Заплакала увенчанная лотосами Смерть, но Брахма не дал ее слезам упасть на землю и собрал их в ладони. Она же, смиренно склонившись перед ним, взмолилась:
– Будь милостив ко мне, о Владыка созданий, не возлагай на меня столь ужасное бремя! Сжалься надо мной! Как могу я губить невинные существа, детей и взрослых, молодых, стариков? Не сумею разлучать близких и любящих, отнимать у родителей возлюбленных сыновей, у детей отнимать матерей и отцов, лишать их малых братьев и дорогих сердцу друзей. Ведь, когда те умрут, оставшиеся в живых будут проклинать меня. Я боюсь этого! И слез несчастных я боюсь! Вечно будут жечь меня эти слезы!
Но Брахма ответил:
– О Смерть, я предназначил тебе уничтожать живущих! И будет так.
И Смерть, не сказав больше ни слова, отправилась в мир. Но все же Прародитель даровал ей милость: слезы, которые она пролила, превратились в болезни, убивающие людей в назначенный срок; страсти и пороки, ослепляющие человеческий род и ведущие его к гибели…
– Красивая история, – сказал я Абберлину, который с задумчивым видом разглядывал опустевший бокал. Инспектор не выглядел пьяным, однако я понимал, что в нынешнем истощенном его состоянии и толика алкоголя будет оказывать на Абберлина самое пагубное воздействие. Чем и собирался воспользоваться.
– Однако не могу понять, какое отношение она имеет к вам, Фредерик.

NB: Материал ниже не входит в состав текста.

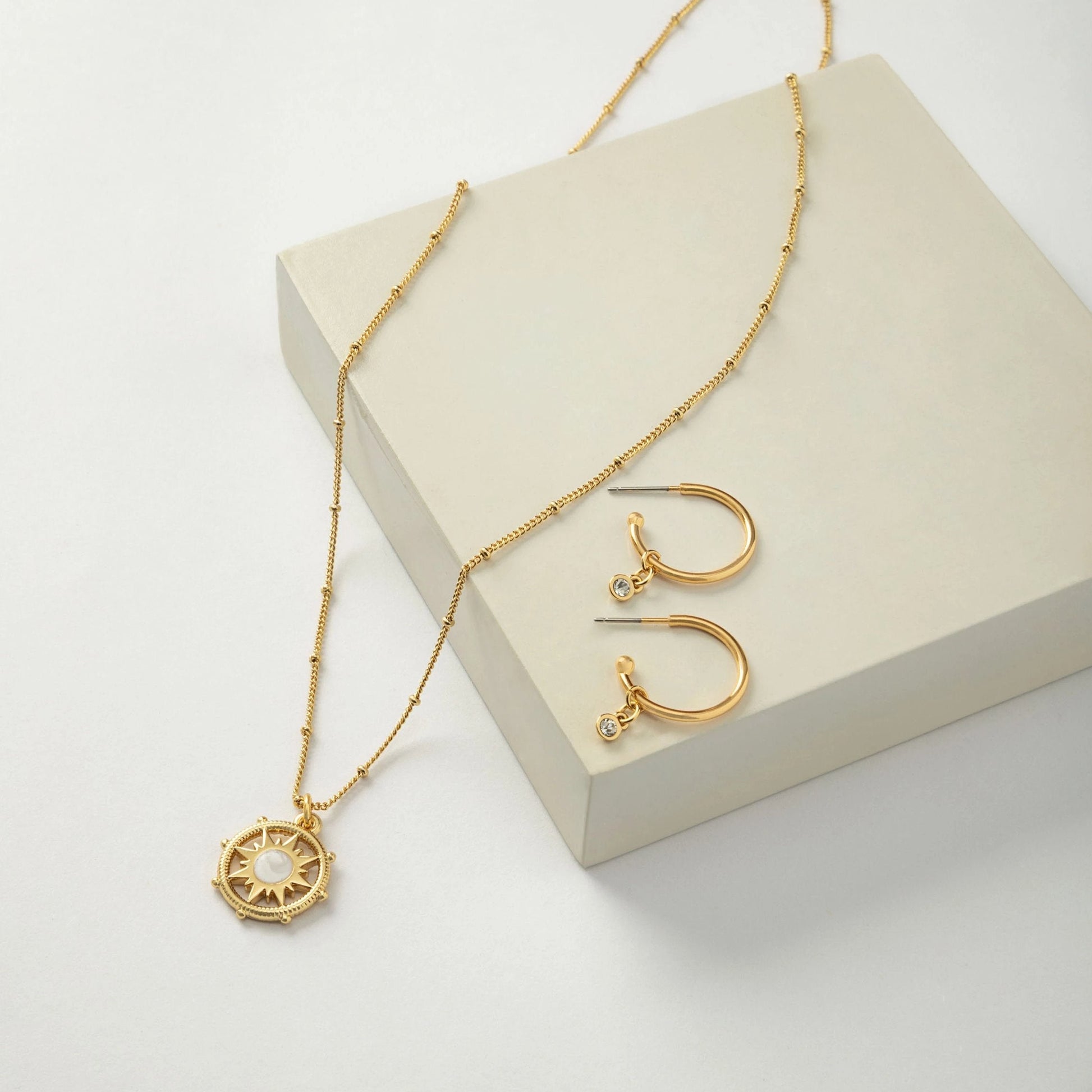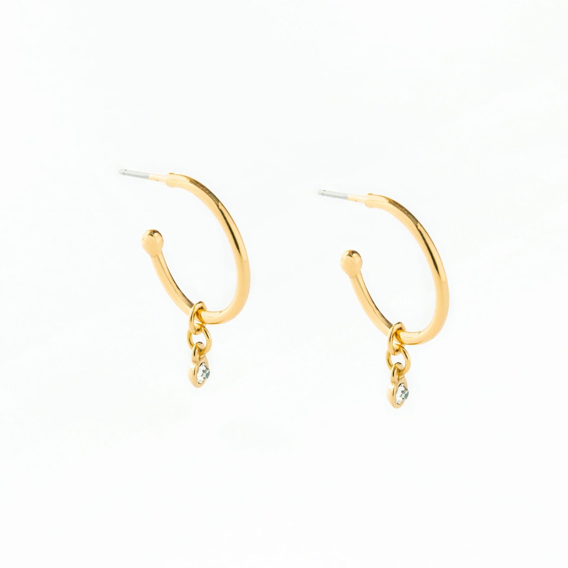 Perfectly pretty, our GEM HOOP EARRINGS cover the huggie trend in comfort. An always classic hoop accented by a beveled glass crystal drop for a hint of sparkle. Plus, take advantage of it's 2-in-1 capability by sliding the gem up and over the post. The perfect pairing for our thin GEM CHOKER or LAYERED GEM NECKLACE.
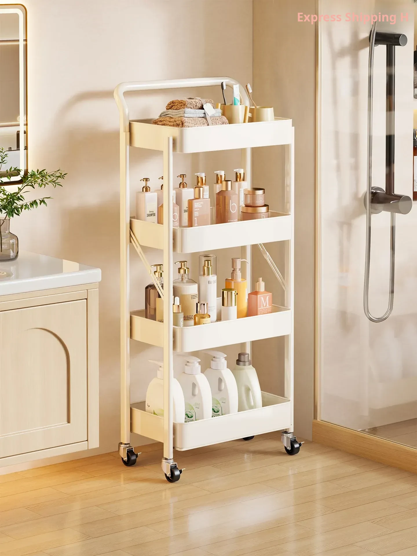 Foldable Corner Storage Rack for Bathroom - Multi-Layer Movable Trolley Shelf for Living Room - Perfect Organizer for Small Spaces!
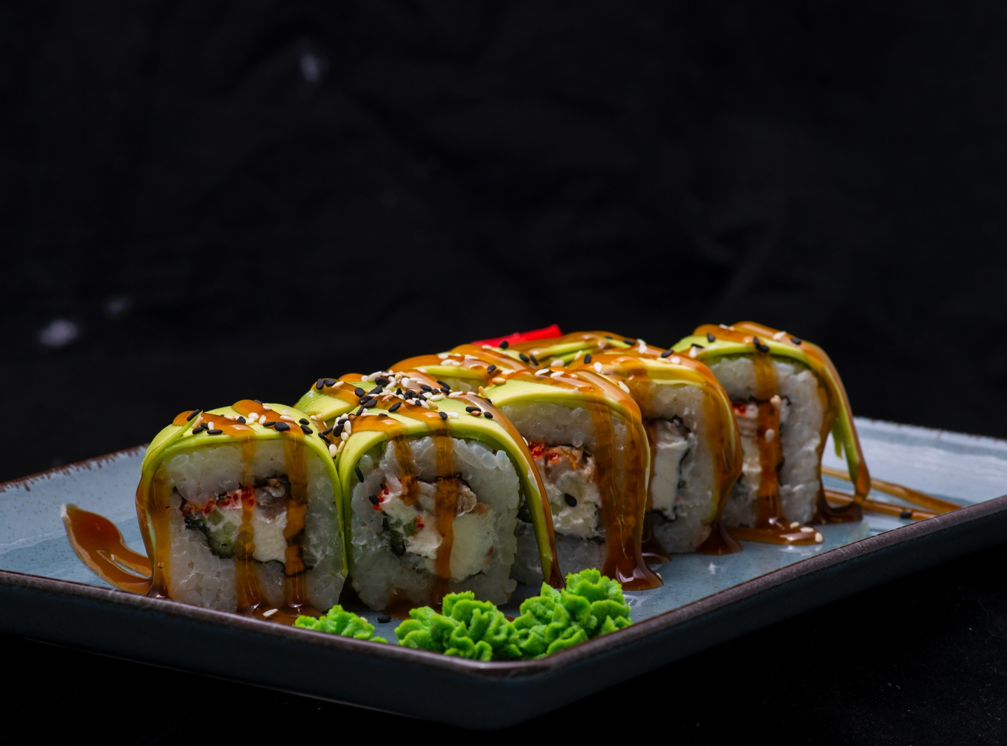 ogórek, awokado, ser philadelphia, kawior tobiko, omlet tamago, łosoś, ryżowy papier, sos sojowy, imbir, wasabi
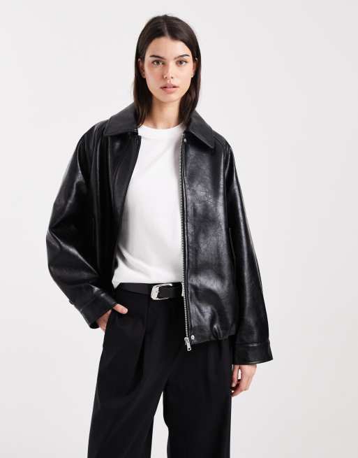 ASOS DESIGN leather look oversized bomber jacket in black
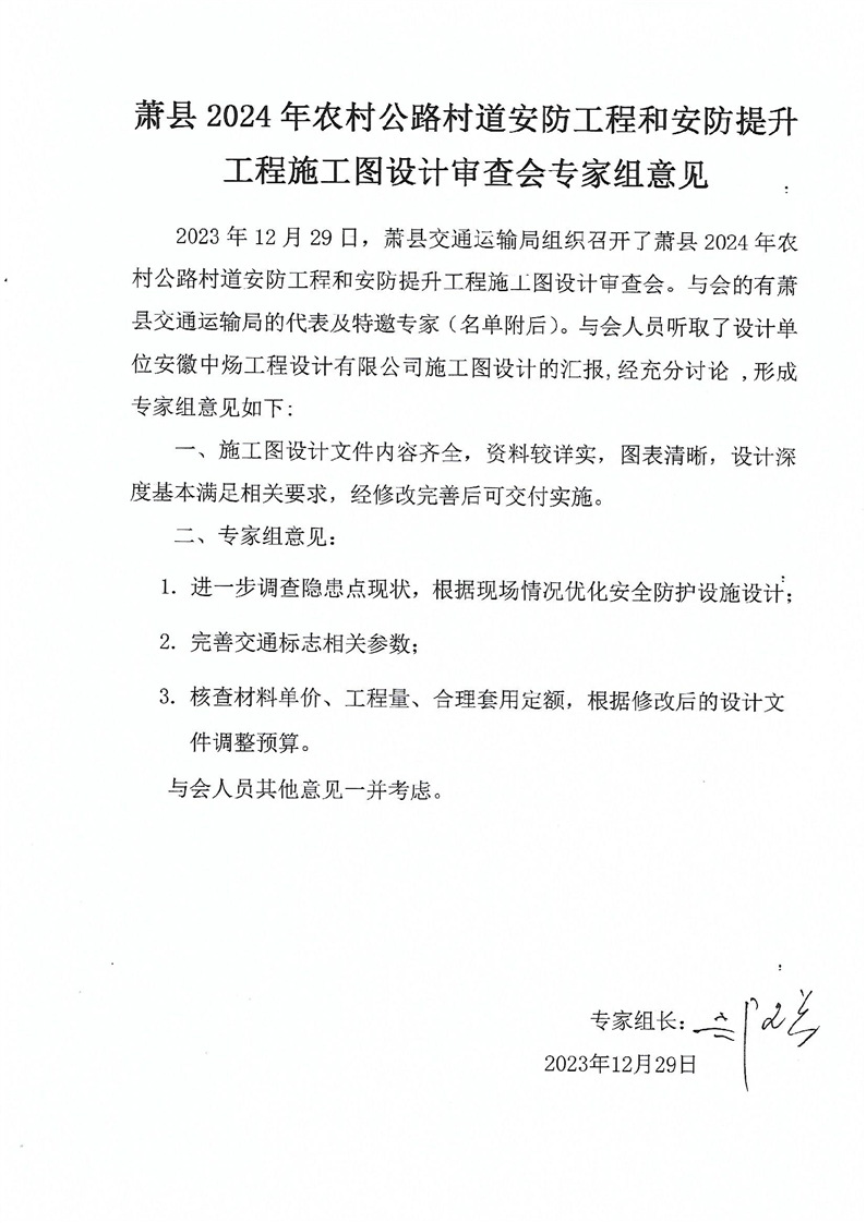 你中心報(bào)來的《關(guān)于報(bào)請(qǐng)審批2024年蕭縣農(nóng)村公路村道安全防護(hù)和安防提升工程施工圖設(shè)計(jì)文件的請(qǐng)示》,我局于2023年12月29日組織有關(guān)專家對(duì)2024年蕭縣農(nóng)村公路村道安全防護(hù)和安防提升工程項(xiàng)目施工圖設(shè)計(jì)文件審查,根據(jù)專家組提出的評(píng)審意見(附后),設(shè)計(jì)單位(安徽中煬工程設(shè)計(jì)有限公司)進(jìn)行修改和完善,現(xiàn)批復(fù)如下:

– Самое прямое. Я держал в руках слезы смерти. Они до сих пор со мной. Это не эвфемизм и не образ, но материальное воплощение проклятия. И поверьте, я заслужил его… но прошу меня простить. Кажется, я стал слишком разговорчив.
Он откланялся слишком уж поспешно, как если бы бежал с поля боя, не рискуя вступить в схватку с противником. Но был ли этим противником я? Или же те самые упомянутые слезы смерти?
Признаюсь, мне было бы любопытно взглянуть на них.